#### [TO DO]
The pictures must be left out, while the rest of the data is copied exactly.

------

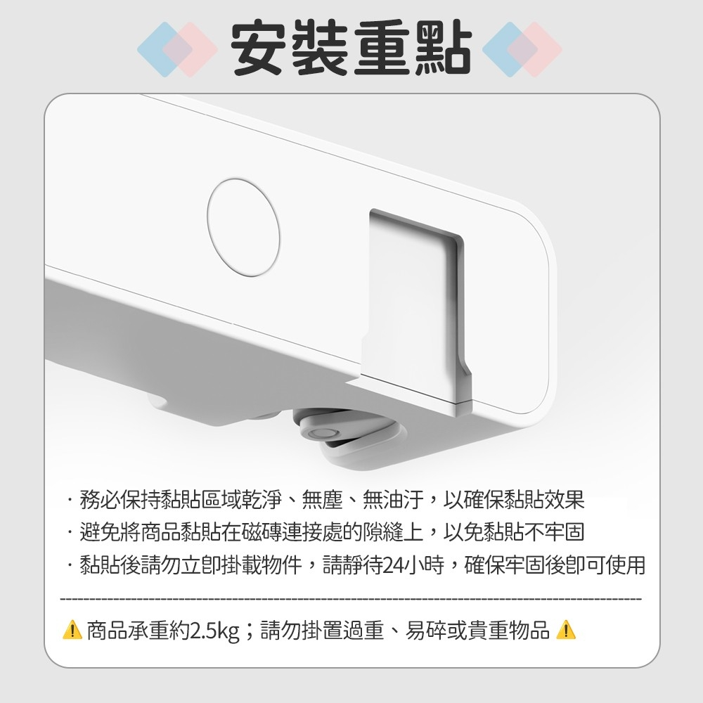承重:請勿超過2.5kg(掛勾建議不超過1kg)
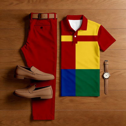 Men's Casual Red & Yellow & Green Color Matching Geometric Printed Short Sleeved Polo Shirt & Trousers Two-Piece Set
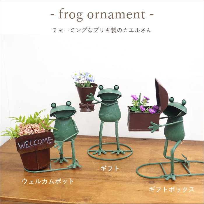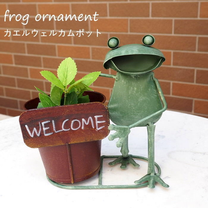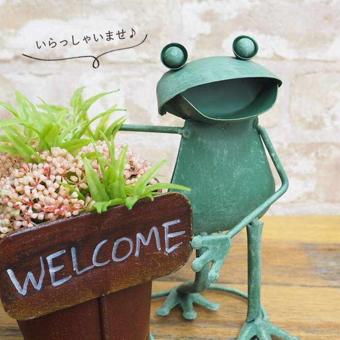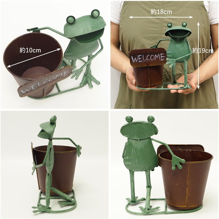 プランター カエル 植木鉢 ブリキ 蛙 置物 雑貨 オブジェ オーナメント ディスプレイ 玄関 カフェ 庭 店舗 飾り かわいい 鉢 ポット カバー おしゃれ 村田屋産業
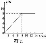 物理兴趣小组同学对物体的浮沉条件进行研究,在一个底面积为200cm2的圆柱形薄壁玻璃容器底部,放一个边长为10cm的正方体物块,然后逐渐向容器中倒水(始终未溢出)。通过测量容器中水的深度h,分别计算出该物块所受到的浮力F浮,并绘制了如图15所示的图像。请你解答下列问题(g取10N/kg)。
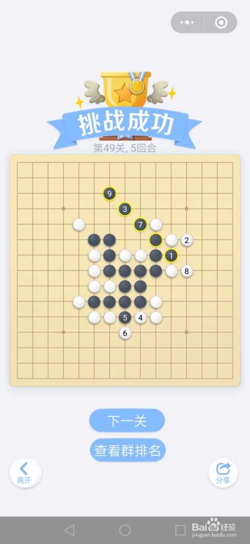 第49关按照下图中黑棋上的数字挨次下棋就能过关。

------

#### [EXPECTED ANSWER]
承重:請勿超過2.5kg(掛勾建議不超過1kg)
 Men's Casual Red & Yellow & Green Color Matching Geometric Printed Short Sleeved Polo Shirt & Trousers Two-Piece Set
 プランター カエル 植木鉢 ブリキ 蛙 置物 雑貨 オブジェ オーナメント ディスプレイ 玄関 カフェ 庭 店舗 飾り かわいい 鉢 ポット カバー おしゃれ 村田屋産業
 物理兴趣小组同学对物体的浮沉条件进行研究,在一个底面积为200cm2的圆柱形薄壁玻璃容器底部,放一个边长为10cm的正方体物块,然后逐渐向容器中倒水(始终未溢出)。通过测量容器中水的深度h,分别计算出该物块所受到的浮力F浮,并绘制了如图15所示的图像。请你解答下列问题(g取10N/kg)。
 第49关按照下图中黑棋上的数字挨次下棋就能过关。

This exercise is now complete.